MI210 is xnack disabled by default. Compile with :xnack+ will produce
GPU kernels that cannot be run on MI210.
Two targets, gfx90a_xnack and gfx90a_noxnack are introduced to replace
gfx90a, for the following reason:
Upstream usually ships 2 version: gfx90a:xnack-, gfx90a:xnack+. Although
a single gfx90a should have maximum compatibility, According to [1,2],
compile with xnack+/xnack- may have better performance on xnack enabled/disabled GPUs.

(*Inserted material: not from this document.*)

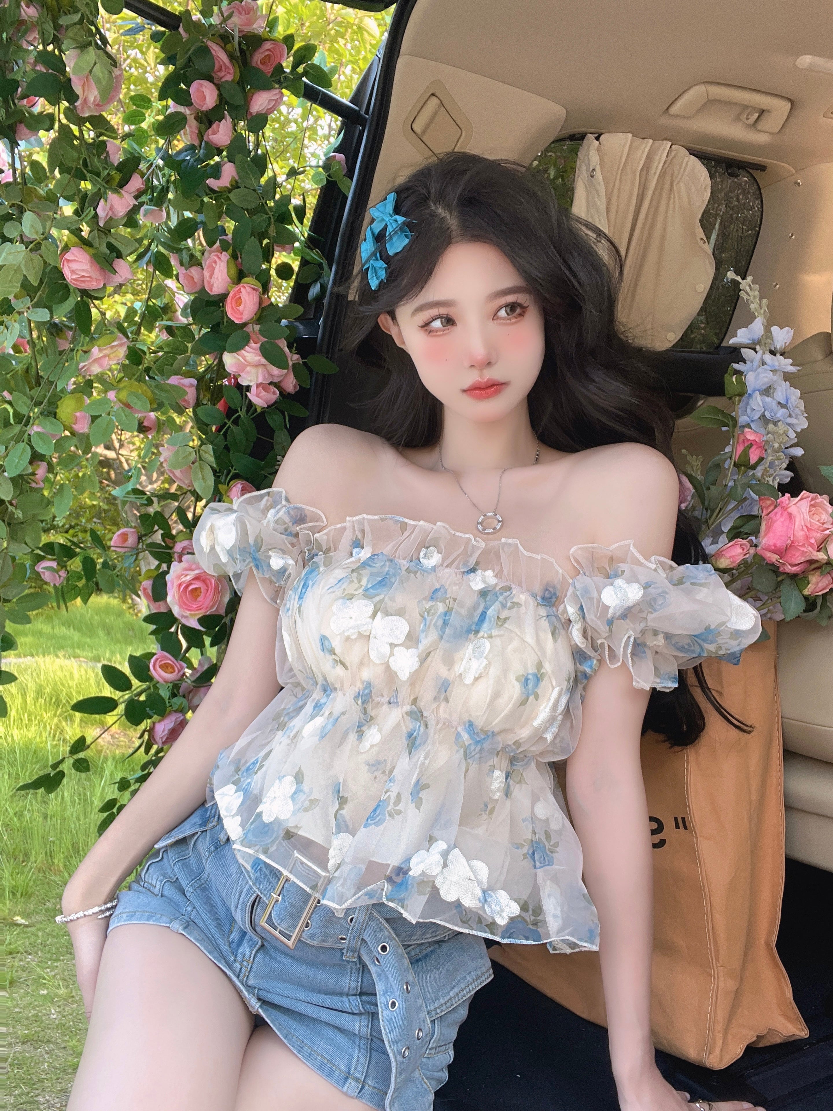 フローラルトップス サマースリムショートスリーブシャツ 夏物 花柄 10/5 秋冬 オータム ウインター ナチュラル mi4687776204948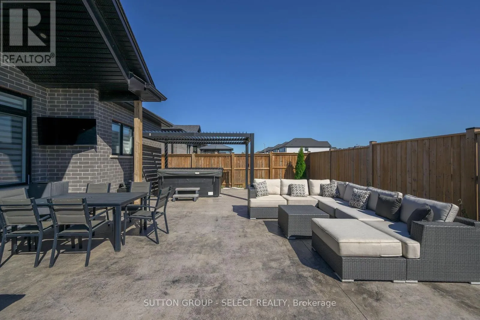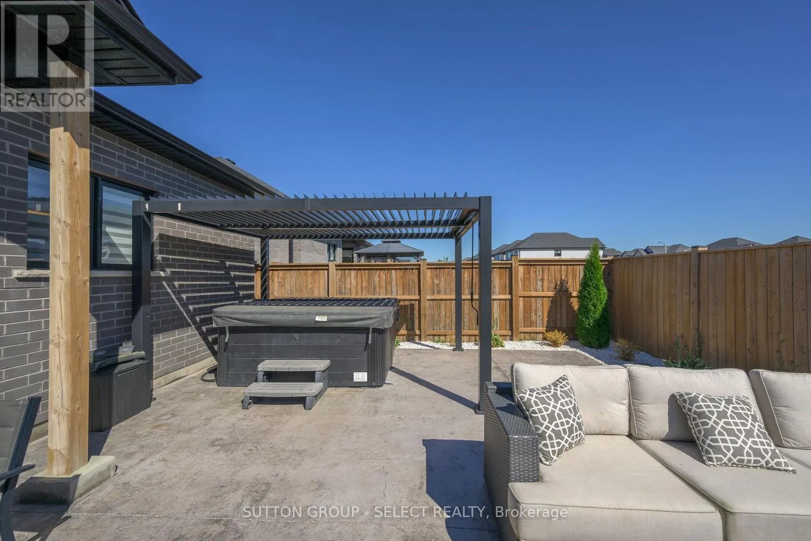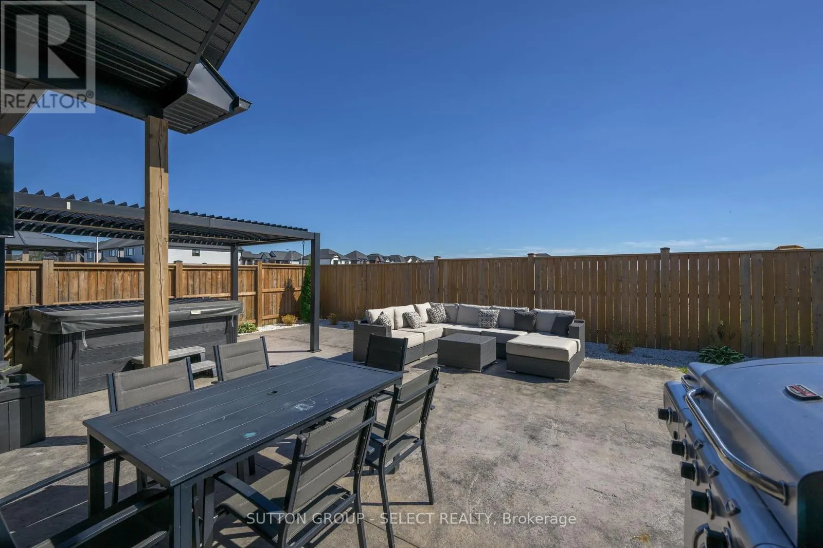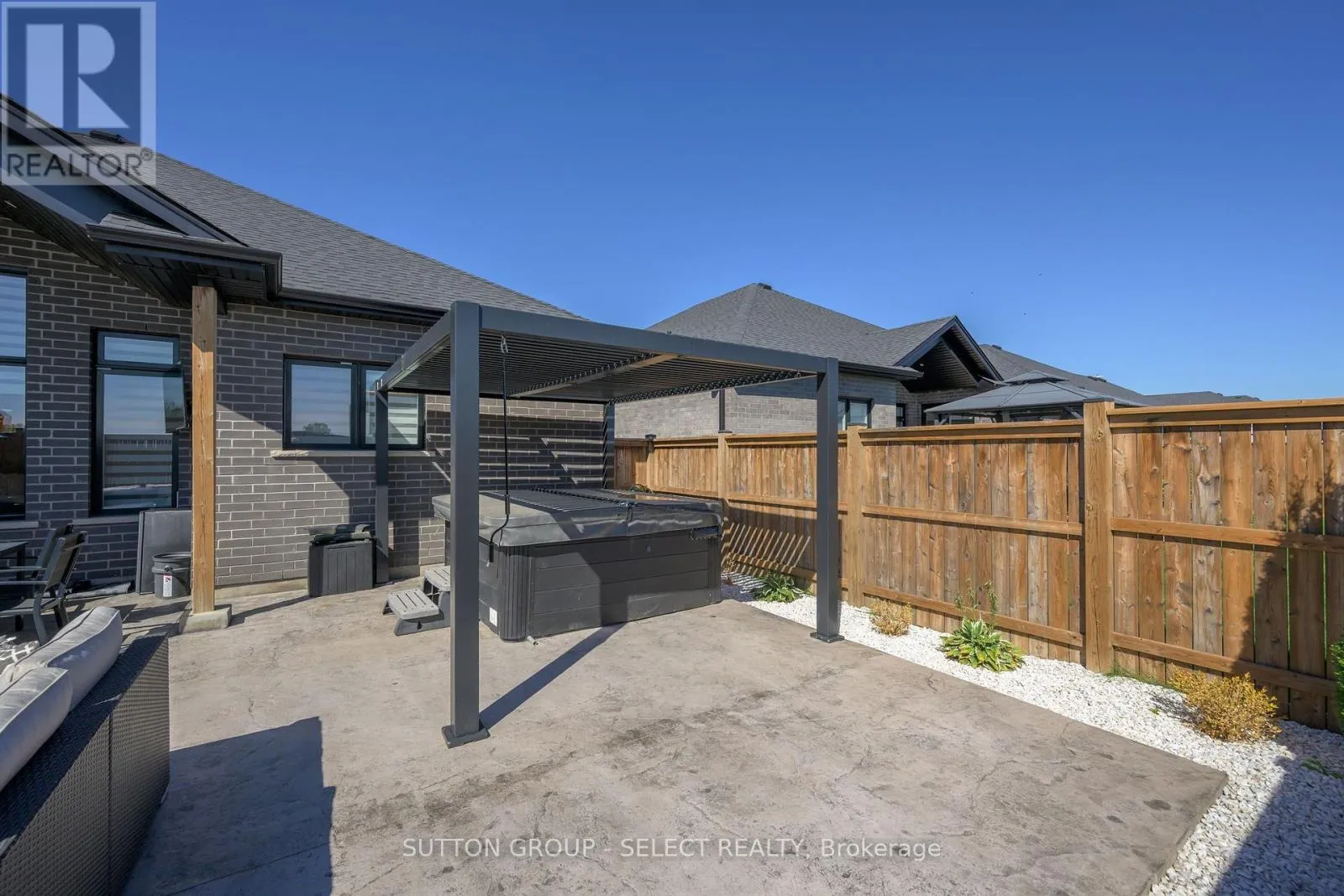 Cross Streets: Daventry Way & Allister Rd. ** Directions: From Glendon turn SE onto Crestview, Then turn SW onto Daventry, Then turn NW into the complex. Unit is on the Left when entering complex past the visitor parking spots. Exceptional Living in Tranquil Komoka! Welcome to 383 Daventry Way #77, an upscale vacant land condo in a desirable community just west of London, Ontario. This residence has been transformed with custom upgrades, designer finishes, and a smart layout that blends luxury with effortless living. Enter through a bright foyer with soaring ceilings, leading to an open-concept living space ideal for both daily living and entertaining. The gourmet kitchen features quartz countertops, premium Bosch appliances, and a floor-to-ceiling tiled pantry. The vaulted living room is a showpiece with a dramatic stone fireplace, mounted TV, and seamless sightlines from the kitchen island. The main-floor primary suite offers elegance and comfort with tray ceilings, a walk-in closet, and a spa-like six-piece ensuite complete with a deep soaker tub. Step outside to your private backyard oasis with professional landscaping, an expansive stamped concrete patio, gas BBQ, lounge and dining areas, hot tub, and outdoor television - perfect for year-round enjoyment. The fully finished lower level adds versatility with a spacious second living room, three bedrooms, a three-piece bath, and a stunning kitchenette with granite counters, double sink, two bar-sized fridges, and an island offering ample prep and storage space. This rare property combines the tranquility of Komoka with the sophistication of a fully upgraded luxury home. (id:27476)

Therefore we ship both the target, align with
upstream. gfx900 is also appended with :xnack- to align with upstream
default.
However, some ROCm libraries does not need xnack feature flag, such as sci-libs/miopen and sci-libs/rocFFT, so "--no-xnack-flag" option is
introduced to stop appending xnack feature. Demonstrate this option in
the second example ebuild.
Update description file profiles/desc/amdgpu_targets.desc accordingly.
Github PR:
https://github.com/gentoo/gentoo/pull/33861
[1]
https://llvm.org/docs/AMDGPUUsage.html#target-features
[2]
https://docs.olcf.ornl.gov/systems/crusher_quick_start_guide.html#compiling-hip-kernels-for-specific-xnack-modes
Signed-off-by: Yiyang Wu <
xgreenlandforwyy@gmail.com>
---
eclass/rocm.eclass | 31 ++++++++++++++++++++++---------
profiles/desc/amdgpu_targets.desc | 5 ++++-
2 files changed, 26 insertions(+), 10 deletions(-)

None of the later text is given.